Being a hosted language, Clojure heavily relies on the underlying language and its runtime. While the JVM Clojure is praised for being so integrated with JVM that it’s easier to use Java code from Clojure than from Java itself, the same doesn’t exactly hold true for ClojureScript.
In the modern Javascript world, everything is async. Many APIs are awaitable even if there’s no explicit need for them to be, because chaining promises is easy. Unfortunately, ClojureScript doesn’t provide any first-class support for those.
The interop guide suggests several options, but the straightforward way to use them is basically the sugar-coated JS syntax of chaining .then()
s. The same document discusses core.async
, the Clojure’s take on the Go multitasking model that uses channels to pass data between concurrently running tasks.
core.async
isn’t without issues, though. It’s notorious for losing type hints, so externs inference basically doesn’t work. In practice, that means problems for any promises that return JS objects, because you want to type-hint those for closure compiler.

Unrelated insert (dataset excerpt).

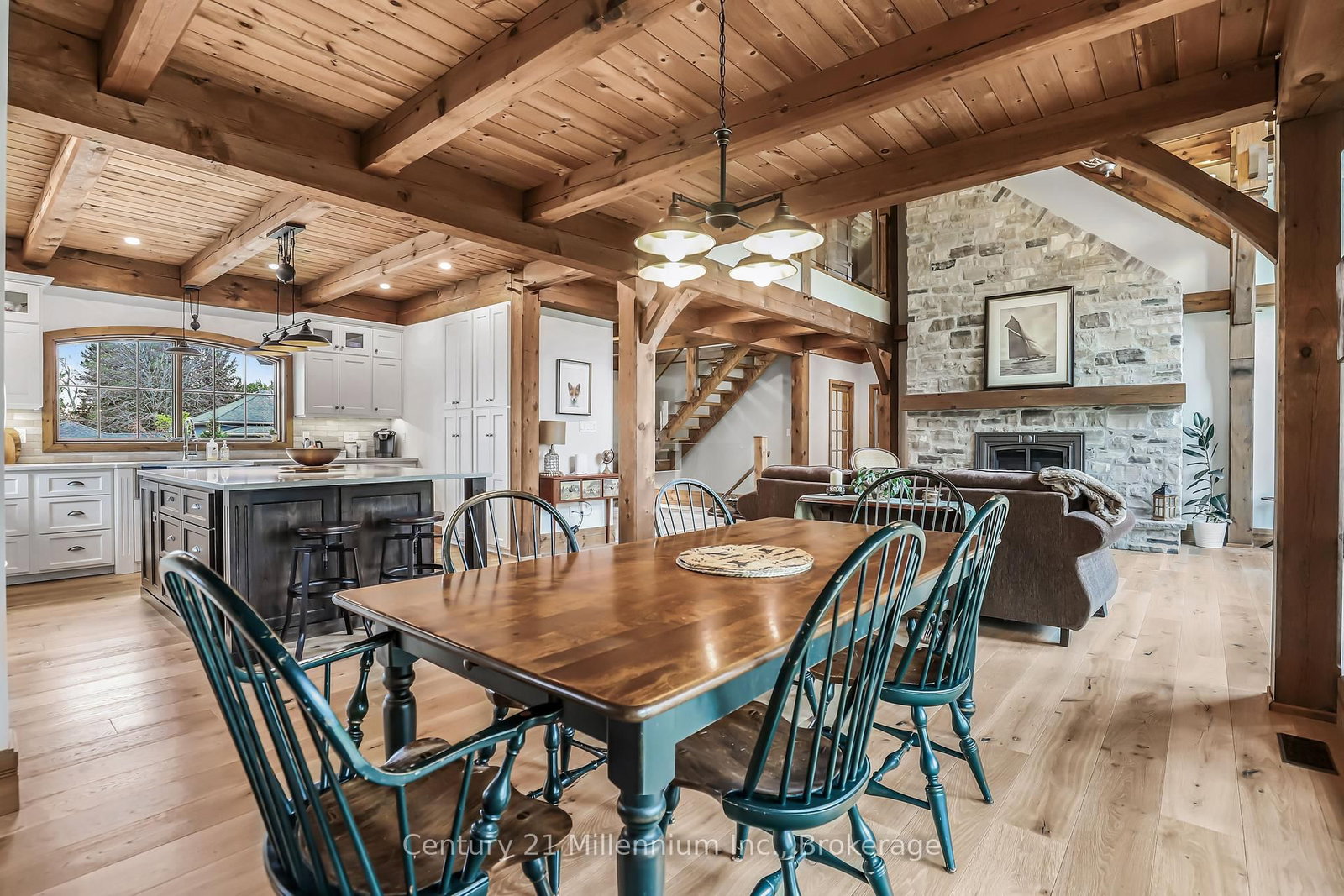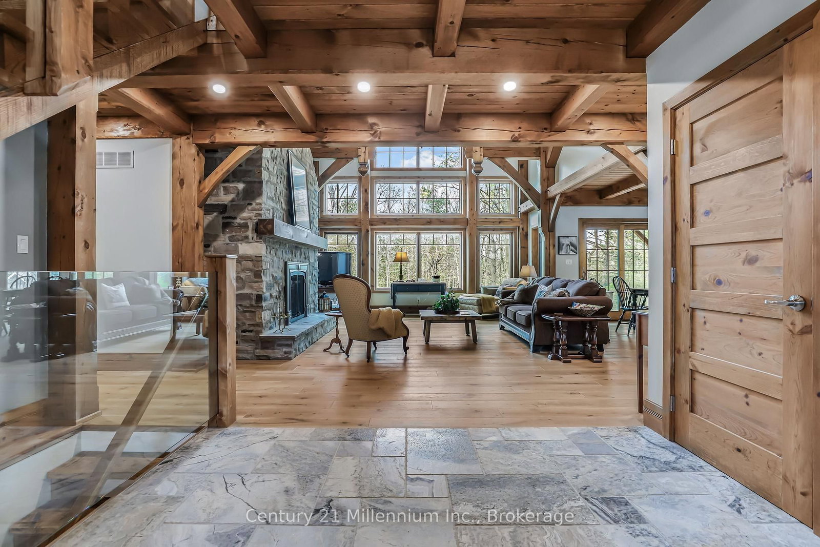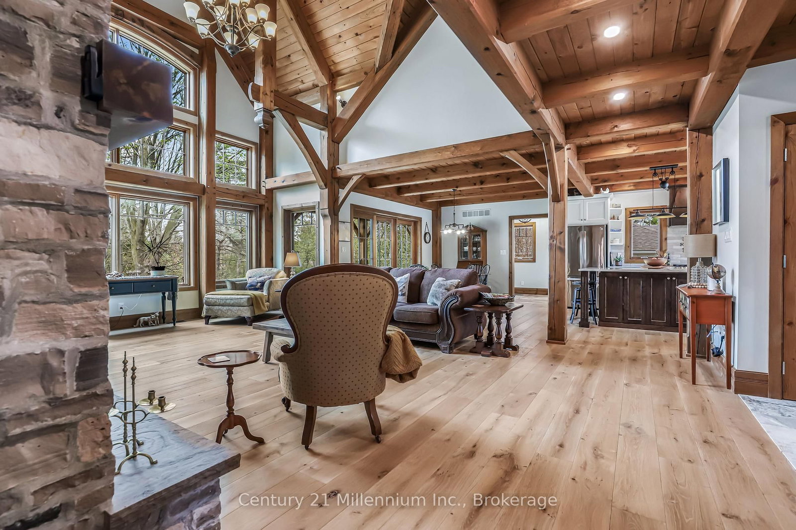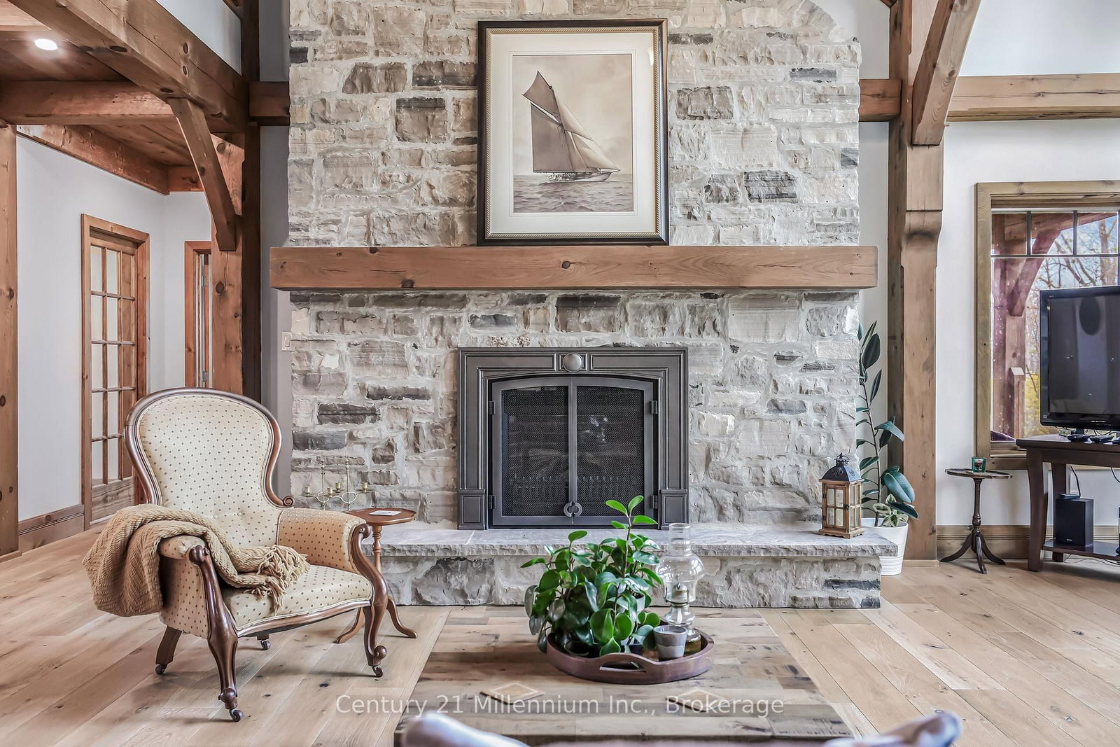 A Rare Riverfront Retreat in Southampton. The 1 1/2 Storey on 166 Clarendon Street has 3 bedrooms, 4 bathrooms, and is located on a 208.11 x 75 ft lot in the community of Saugeen Shores . Welcome to a one-of-a-kind timber frame masterpiece nestled on the banks of the Saugeen River, just steps from the shores of Lake Huron. This extraordinary home blends artisan craftsmanship with refined luxury in one of Ontario's most coveted locations. From the moment you step into the grand foyer, you're greeted by a stunning interplay of natural elements rich timber beams, elegant tile, and soaring glass. The dramatic living room is the heart of the home, where cathedral ceilings and exposed hammerbeam trusses frame a floor-to-ceiling stone fireplace. Sunlight floods the space through expansive windows, creating a warm and inviting ambiance. The chefs kitchen is an entertainers dream, with a generous central island that seats five, gleaming quartz countertops, and exquisite cabinetry with custom pot drawers and glazed uppers. Host elegant dinners in the dining room, or step onto the raised balcony to dine alfresco with views of your private, treed backyard. The main floor primary suite is a tranquil escape featuring its own secluded balcony, a lavish 5-piece spa-inspired ensuite with freestanding soaker tub, glass walk-in shower, double vanity, and a generous walk-in closet. Upstairs, a glass-railed loft overlooks the living room, flanked by two private bedrooms and a luxurious central bath. The fully finished lower level offers even more indulgence: a radiant-heated family room with stone hearth wood stove, wet bar, walk-out patio access, a spacious bedroom, full bath, exercise room, and a wine-lovers dream cold room. Just steps from Pioneer Park, the riverfront harbour, and Southampton's charming downtown, this home offers an unparalleled lifestyle of beauty, privacy, and prestige.

This loops us back to the ecosystem problem. In JVM world, there’s a substantial amount of Clojure libraries, and even more Java ones. In Node world, the amount of ClojureScript libraries is severely limited and you will end up using npm a lot. That means, you will have to interact with JS world a lot.
Now, there’s a neat alternative to core.async
, promesa offers a straightforward API for promises in both Clojure and ClojureScript. Indeed, you just change your (let [a (somefunc)] ...)
for (p/let [a (somefunc)] ...)
and somefunc
will be automatically awaited if it returns a promise. Nesting problem is solved! You also have a handful of extras, like p/do
or p/->
, all of which behave exactly as the core Clojure counterparts, but now with async awareness.
It works great, mostly. Where it breaks apart is when you need to pass the promise into the JS world, e.g. when you pass your function into something like prom-client
that can take both regular functions and async ones. Promesa’s problem is that it reimplements promises from scratch, thus the JS world cannot identify them as being awaitable.
It gets even worse when you reach into the world of tracing. OpenTelemetry, the most prominent implementation of tracing in Node, uses an obscure module, node:async_hooks
, to pass the context indirectly. Node has its own implementation of async-local storage, which is not unsimilar to thread-local storage in other languages, but in this case it’s being carried over along with the async call chain. The problem? Promesa’s promises aren’t “real”, and thus they can’t avail of this API, breaking all the traces as spans fail to chain to one another.
Luckily, I stumbled on kitchen-async. Don’t let the last commit made 5 years ago dissuade you, it’s a great library! It has the API that’s very similar to promesa, but it’s ClojureScript only, and thus it’s built on the JS’s native Promise. It has all the same p/let
s, and p/do
s, allowing you to write idiomatic promise-aware Clojure code, and uses the native runtime that just works with any other code you’ll pull from npm. No more issues of having runtime incompatibilities!
It’s not the first time the issues with ClojureScript make people wonder what’d it take to have ClojureScript 2.0, and indeed, projects like cherry and squint exist. With squint, your async/await code in Clojure would look very much the same as the JS code and compile to native async/await, too. Ideally, I’d wish to see ClojureScript making a shift towards the modern Javascript to provide a better interop story. I don’t think I could write a pure ClojureScript application with zero npm dependencies any time soon.